EXERCISE INSTRUCTIONS: Could you copy exactly the lines from the start of the records through the one containing "A dolgos kénosiak", both included, and leave out the pictures?

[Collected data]

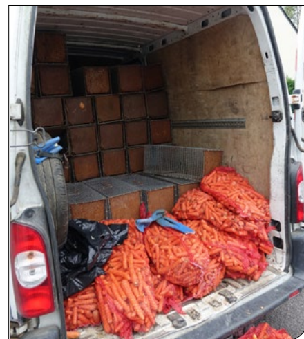
Pièges-cages et appâts mis à disposition des bénévoles

L'opération a pris fin le 25 septembre lors de la restitution des cages à Polleniz ainsi que la présentation et le comptage des preuves (voir encadré ci-dessous).
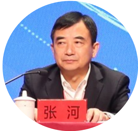
张河作联合会章程(草案)和会费说明

第四章组织机构。明确联合会的权力机构是会员大会,理事会是会员大会的执行机构,常务理事会是理事会的日常代表机构,同时设立了监事。具体规定会员大会、理事会、常务理事会和监事的职责以及会长、副会长、秘书长的职责。此外专门设特邀理事单位。
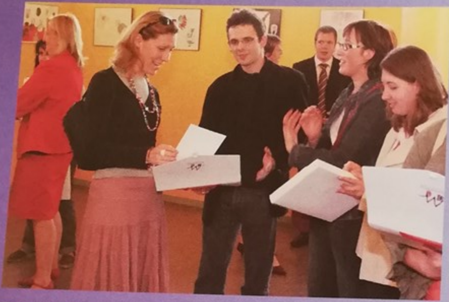
Réception d'accueil des nouveaux enseignants de Montataire au lycée André Malraux. Tous nos encouragements aux enseignants dans l'accomplissement de leur mission
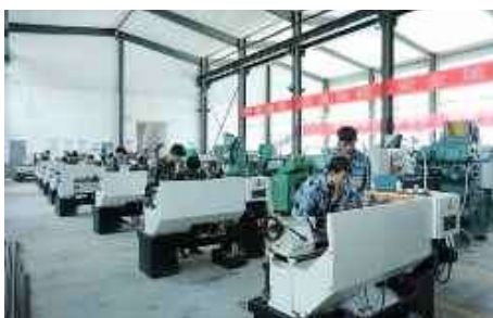
机械制造及自动化实训中心
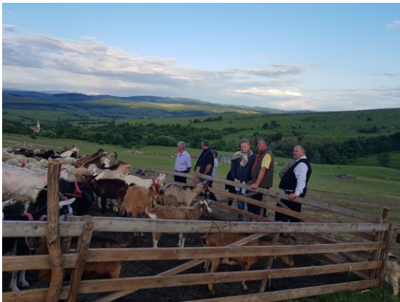
A dolgos kénosiak

Igazán jó érzés volt, hogy minden porta nyitva állt a szécsénkeiek előtt. S így igazán otthon érezhettük magunkat. Nem sajnálták ránk az időt, pedig mindenkinek volt dolga, hiszen az állatok ellátásában nincs ünnepnap. Az állatok tartásába is betekintést nyertünk. Kilátogattunk az esztenákra is.

SOLUTION TO THE PROBLEM:
Pièges-cages et appâts mis à disposition des bénévoles

L'opération a pris fin le 25 septembre lors de la restitution des cages à Polleniz ainsi que la présentation et le comptage des preuves (voir encadré ci-dessous).
张河作联合会章程(草案)和会费说明

第四章组织机构。明确联合会的权力机构是会员大会,理事会是会员大会的执行机构,常务理事会是理事会的日常代表机构,同时设立了监事。具体规定会员大会、理事会、常务理事会和监事的职责以及会长、副会长、秘书长的职责。此外专门设特邀理事单位。
Réception d'accueil des nouveaux enseignants de Montataire au lycée André Malraux. Tous nos encouragements aux enseignants dans l'accomplissement de leur mission
机械制造及自动化实训中心
A dolgos kénosiak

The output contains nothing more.